Dableiben oder weggehen?

Und Magda, die junge selbstbewusste Polin, in die sich Rodney gewaltig verliebt hat, wird von zwei grauen Männern entführt. Und verschwindet so aus der Geschichte. Es ist wie ein dunkler Gruß aus der Vergangenheit, der ja auch die Polen gerade entkommen waren. Alles existiert weiter nebeneinander.

Der ziellose Freiheitsdrang der jungen Leute, die lieber Abrisshäuser besetzten, als in Papas Fabrik die Paletten zu zählen, junge Glatzen, die die Welt durch die Schlägerbrille betrachten, Gestrandete, aus der Bahn Geworfene, und Männer in grauen Mänteln, die den jeweils Mächtigen mit leerer Miene zu Diensten sind.

Die Kioske nicht zu vergessen, die an den Wegen der jungen Leute liegen und ihre Entscheidungen beeinflussen – dableiben oder weggehen? Oder doch lieber ein neues Sixpack kaufen, um den Tag erträglich zu machen und die quälenden Entscheidungen hinauszuzögern?

Und wie gesagt: Man wundert sich die ganze Zeit, dass dies Ereignisse von vor 34 Jahren sind. Und sich – nicht nur in der autonomen und der Punk-Szene – so gar nichts verändert hat. Im Denken der Ordnungspolitiker und der fleißigen Bürger, die ihre Kinder wie Topfpflanzen erziehen, auch nicht. Immerhin leben wir ja in der Zukunft, die diesen Ereignissen in der Mainzer Straße folgen sollte.

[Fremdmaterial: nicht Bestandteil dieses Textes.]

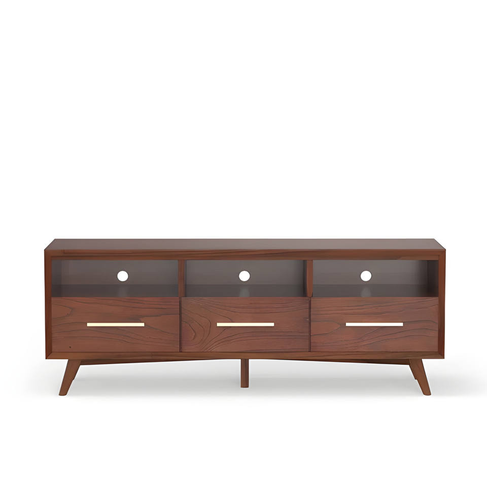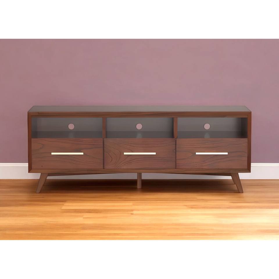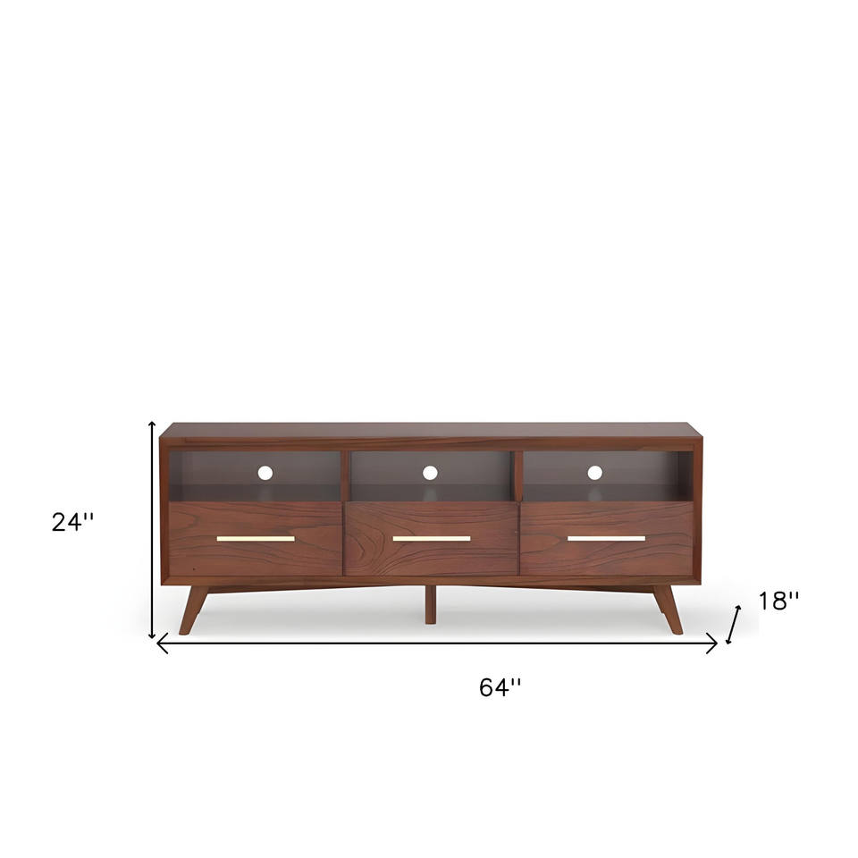 Open Shelving TV Stand 64\" Brown Mahogany Solid Wood MDF Panel Modern Vintage Design Foldable Movable for Bedroom Farmhouse Use
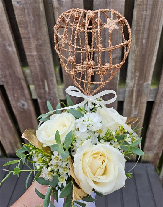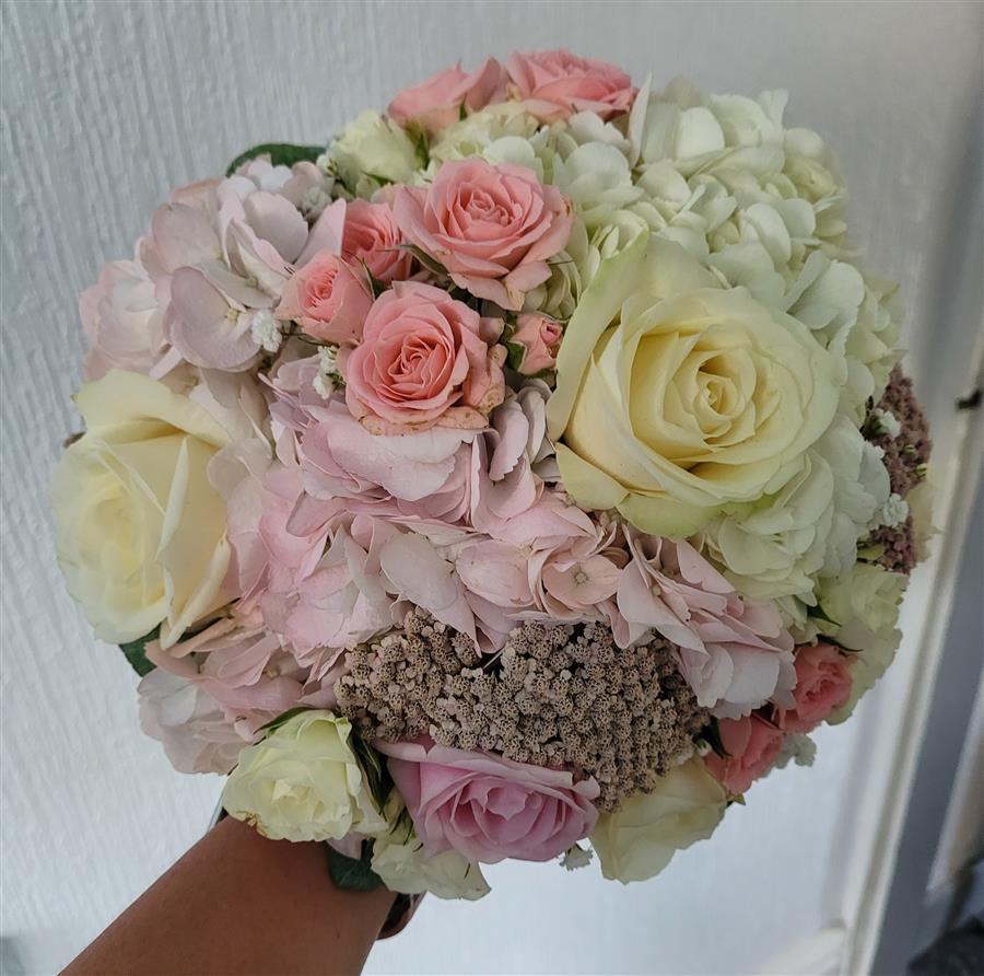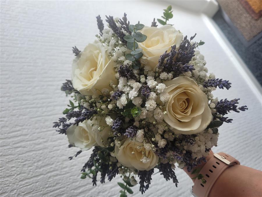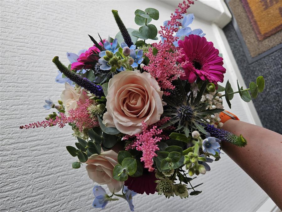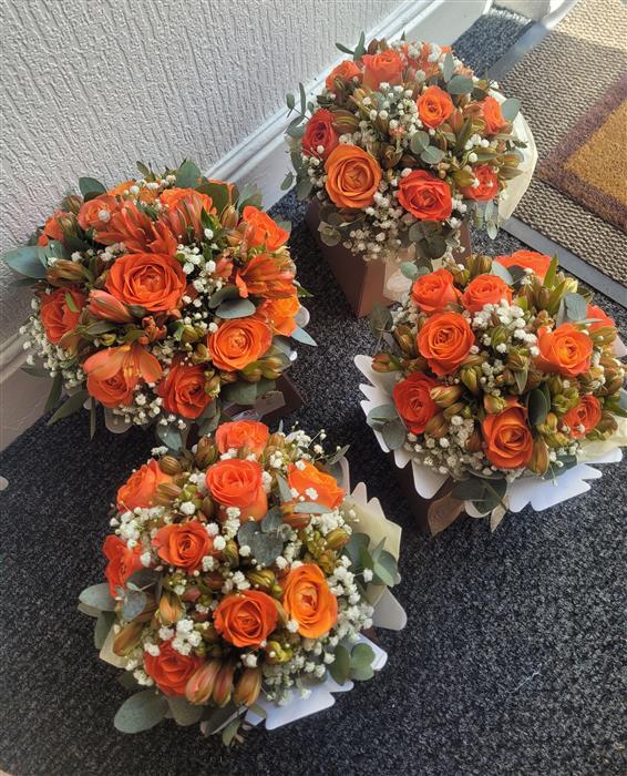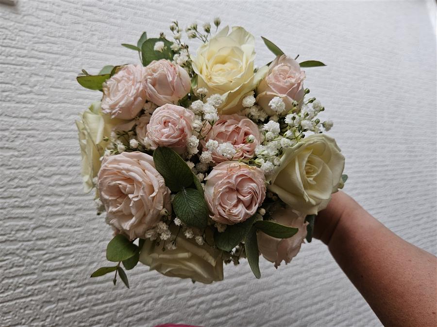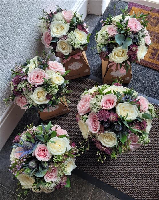 We work to your palette and bridal bouquet, adjusting tone and stem choice for cohesion. Satin or silk ribbon trails, twill bindings or simple wraps available.
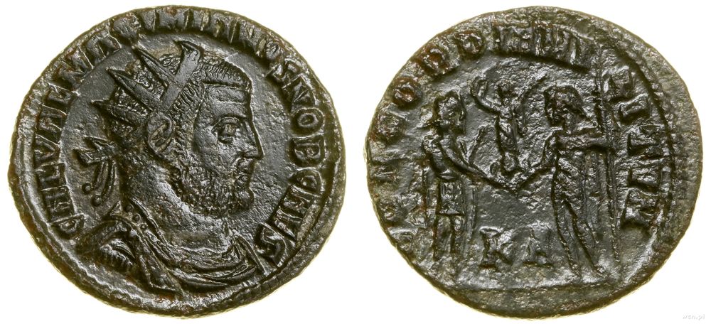| Opis: | Cesarstwo Rzymskie - Galeriusz (305–311) - jako cezar 293–305, antoninian bilonowy, (295–299), Cyzicus, Aw: Popiersie cezara w koronie radialnej w prawo, GAL VAL MAXIMIANVS NOB CAES, Rw: Władca stojący w prawo, odbierający od Jupitera Wiktorię na globie, CONCORDIA MILITVM, w polu KA |
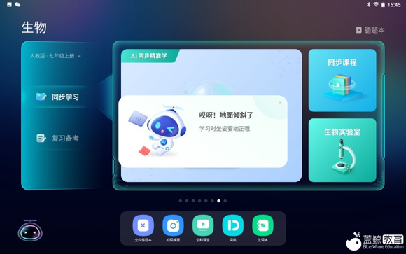 T10学习机配备AI同步精准学功能,覆盖小学、初中、高中全年级,包括数学、英语、物理、化学、生物等科目,人大版、北师大版、苏教版、沪科版、湘教版等教材版本基本都涵盖其中。
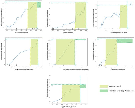 Partial dependence plots are also one of the widely used analytical tools in machine learning. They visually display the relationship between the dependent variable and independent variables, allowing for an intuitive revelation of the actual effects that independent variables have on the dependent variable [46]. In this article, Figure 13 shows the partial dependence of the independent variable, where the y-axis represents the overall communication score, and the x-axis reflects the specific range of values for a certain independent variable. Analyze the partial dependency diagram of seven spatial information coding factors closely related to the comprehensive communicability of culturally distinctive street blocks, specifically in terms of four aspects: street scene elements, architectural elements, road elements, and mixed-use. These factors include walkability, street greenery, building density, POI mix, architectural style diversity, POI density, and road density.
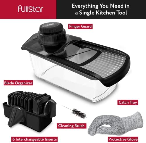 Fullstar Mandoline Slicer for Kitchen, Cucumber Slicer, Cheese Grater Vegetable Spiralizer and Veggie Slicer for Cooking, Kitchen Gadgets Organizer & Safety Glove Included (11 in 1, Stainless Steel)
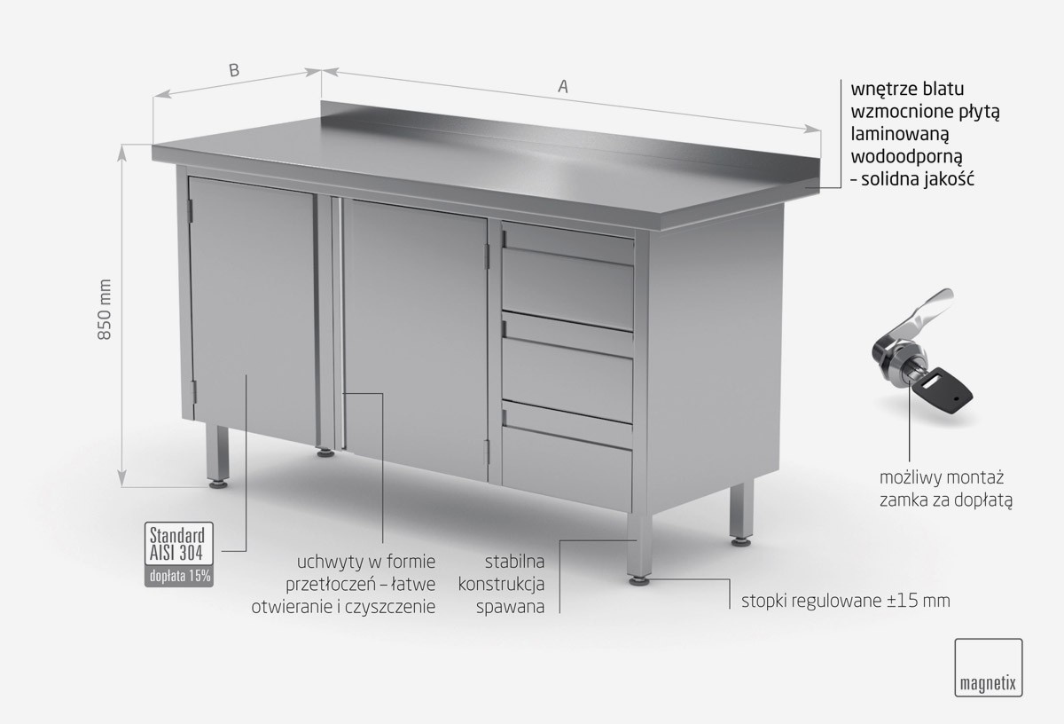 Stół przyścienny ze stali nierdzewnej, szafka z trzema szufladami i drzwiami na zawiasach - szuflady po prawej stronie o wymiarach 1100x600x(h)850 mm
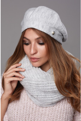 БЕРЕТ С БУСИНОЙ "КИМ" - 10-01 светло-серый
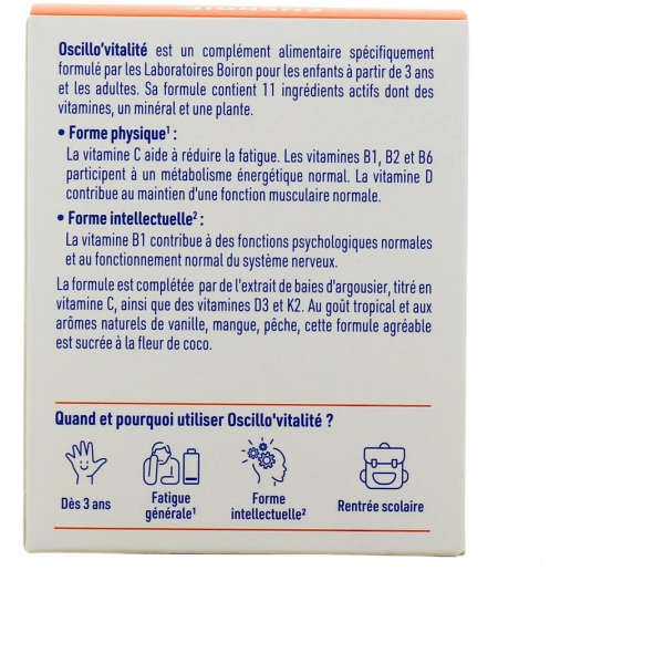 Oscillo’vitalité dès 3 ans est un complément alimentaire à base d’extrait de baies d’Argousier titré en Vitamine C, Zinc, Vitamines B1, B2, B3, B6, B8, B9, B12, D3 et K2 spécifiquement formulé pour maintenir la forme physique(2) et intellectuelle(3) des enfants dès 3 ans au quotidien.
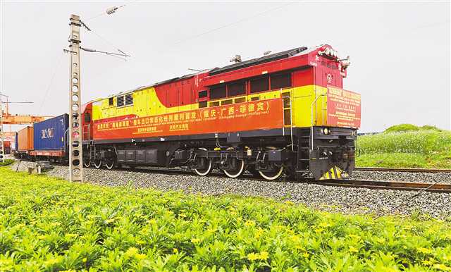 滿(mǎn)載125臺(tái)整車(chē)的專(zhuān)列從重慶沙坪壩區(qū)團(tuán)結(jié)村中心站駛出,標(biāo)志著西部陸海新通道整車(chē)出口常態(tài)化班列的開(kāi)啟。(本報(bào)資料圖片) 記者 羅斌 攝

Eine Zukunft, die an allen Ecken zeigt, dass damals keiner darüber nachgedacht hat, was eigentlich mal draus werden sollte. Wenn nicht immer wieder dasselbe in derselben tristen Verpackung.

Die Zeit scheint sich im Kreis zu drehen. Die Revolution hat ihre Kinder gefressen. Und Politik wird gemacht, als gäbe es überhaupt kein Morgen, über das sich nachzudenken lohnte. Auch wenn das Adelmann in seinem Buch nicht thematisiert, in dem man mittendrin ist in den Eeignissen in Westberlin vor 34 Jahren, die dann in einer regelrechten Schlacht um die Mainzer Straße kulminierten.

Und einen Bürgermeister sein Amt kosteten, der keine andere Idee hatte, als die Polizei mit schwerem Gerät zur Räumung zu schicken. Auch das ein Symbol für die Unfähigkeit einer Gesellschaft, auch ihre Widersprüche sehen zu wollen. Von den Abgründen in „guten Kinderstuben“ ganz zu schweigen.

Roland Adelmann „Die Revolution der toten Zukunft“ Edition Outbird, Gera 2024, 16 Euro.